# Lore of Beasts tactics



## Master Andael (Jan 18, 2008)

Does anyone favours the lore of beasts? I thought of this tactic wich uses the lore of beasts and a fighty character without any magic weapons on foot. When your fighty character is in combat you just cast Bears Anger on it and you have a killing machine in combat. The avarage hero has ws5 s4 t4 and a3, with Bears Anger he has ws5 s6 t5 and a6. :shok:

So does anyone use this tactic?


----------



## swntzu (Dec 25, 2007)

Master Andael said:


> Does anyone favours the lore of beasts? I thought of this tactic wich uses the lore of beasts and a fighty character without any magic weapons on foot. When your fighty character is in combat you just cast Bears Anger on it and you have a killing machine in combat. The avarage hero has ws5 s4 t4 and a3, with Bears Anger he has ws5 s6 t5 and a6. :shok:
> 
> So does anyone use this tactic?


It is quite common for this to happen in beastmen armies.


----------



## Master Andael (Jan 18, 2008)

But it can be used in other armies too. Like empire an lizardmen(this one being especially vicious, i think)


----------



## swntzu (Dec 25, 2007)

Master Andael said:


> But it can be used in other armies too. Like empire an lizardmen(this one being especially vicious, i think)

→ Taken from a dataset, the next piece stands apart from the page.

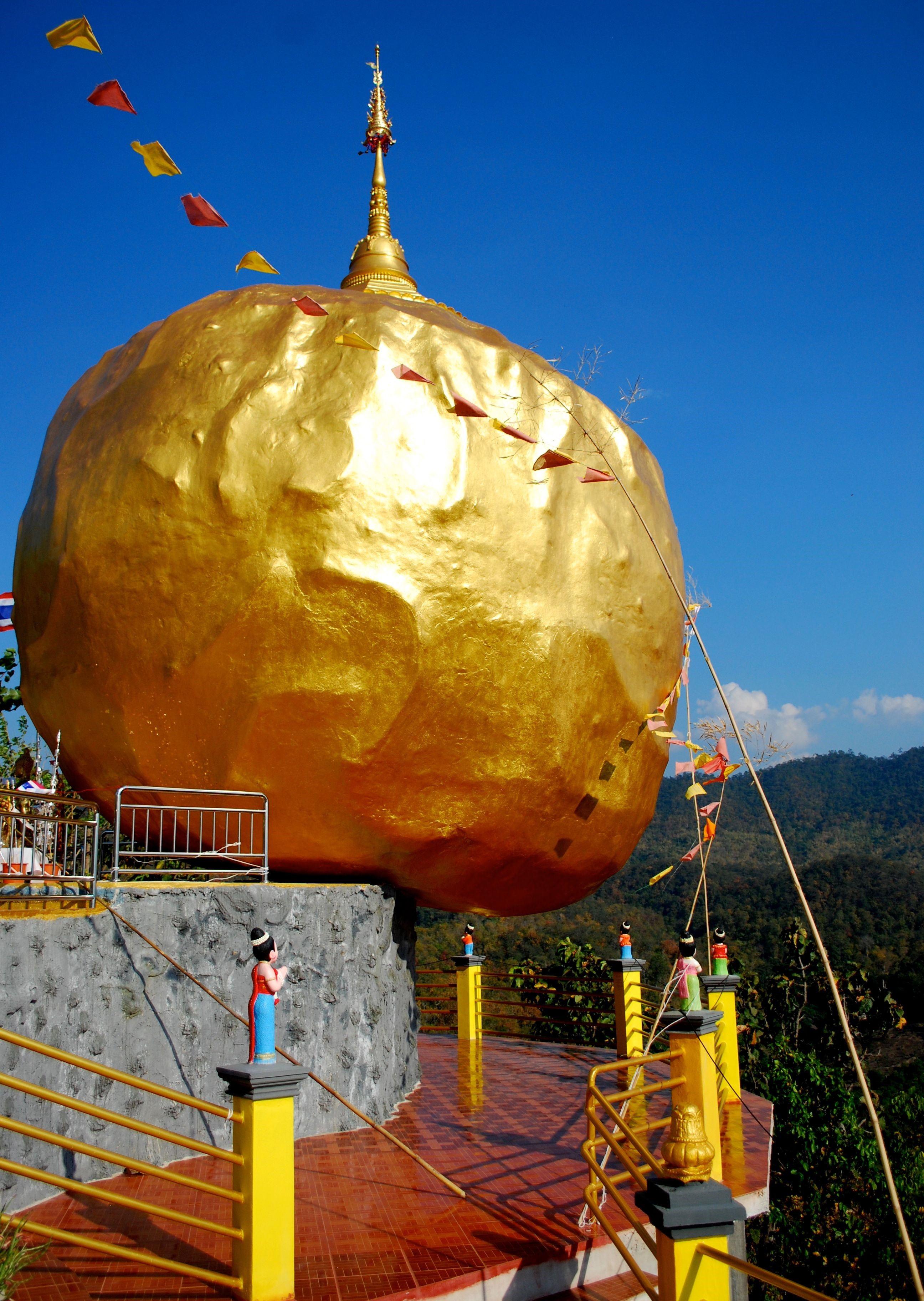 In cima a una collina, da dove si poteva ammirare un bel panorama, abbiamo avuto la sorpresa di scoprire una roccia d’oro in bilico e un piccolo monastero. Forse questo luogo non ha la fama della Roccia d’oro di Bago, in Birmania, luogo di pellegrinaggio e venerazione, perché era deserto e non vi erano nemmeno indicazioni per raggiungerlo.

For the Empire, you an angry captain doesn't really fit into the overall strategy of an empire army but could be useful. The points would be better spent elsewhere.

As for Lizardmen, you would need a Slann to use lore of beasts. This is hardly a points effective tactic. Of course it would be quite cool to have an angry Jaguar Saurus but really it doesn't do that much in the grand scheme of things.


----------



## maxtangent (Jan 31, 2008)

HE noble with Radiant Gem taking lore of Beasts can work well, if you don't mind a walking general.


----------



## Master Andael (Jan 18, 2008)

For the lizardmen you are always certain you have Bears Anger and you can still take other lores for the other spells.


----------



## swntzu (Dec 25, 2007)

Master Andael said:


> For the lizardmen you are always certain you have Bears Anger and you can still take other lores for the other spells.


You still need a Slaan. I never said that it was not a viable tactic. It would just be a smaller piece of the overall plan.


----------



## neilbatte (Jan 2, 2008)

i find that to many of the lore of beast spells are pointless depending on which army you are facing. if your against a dwarf ,skaven or beastmen army many of the spells will have little to target as they are not into ridden monsters etc so unless you are fighting an army with loads of cav or monsters it seems strange to pick a lore and a tactic on a 1 in 6 chance of getting bears anger and an even remoter chance of getting the spell off


----------



## swntzu (Dec 25, 2007)

You are allowed to swap any rolled spell in a lore for spell one as long as you don't already have it. Don't you know this?

Anyway Bear's Anger is easy to cast so of course it's a viable tactic. Hardly "pointless" as you have said.


----------



## neilbatte (Jan 2, 2008)

fair enough when i looked at the spell list i had the old rule book where bears anger is spell 3. so you can guarantee to get the spell but my main point is can you guarantee to cast it and can you make sure its not dispelled in the next phase. as i know from experience that the magic phase is not that reliable unless you max out on mages so using 1 spell as a tactic to boost a hero just doesnt seem worthwhile when a magic weapon will always work unless your opponent has a usually costly antimagic item


----------



## maxtangent (Jan 31, 2008)

There is nothing saying the hero cannot also have a magic weapon - just that he cannot use it while the spell is functioning on him.
It is just one more tactic in the arsenal. You mention a really good use for it, actually - as a defense against an anti-magic item.


----------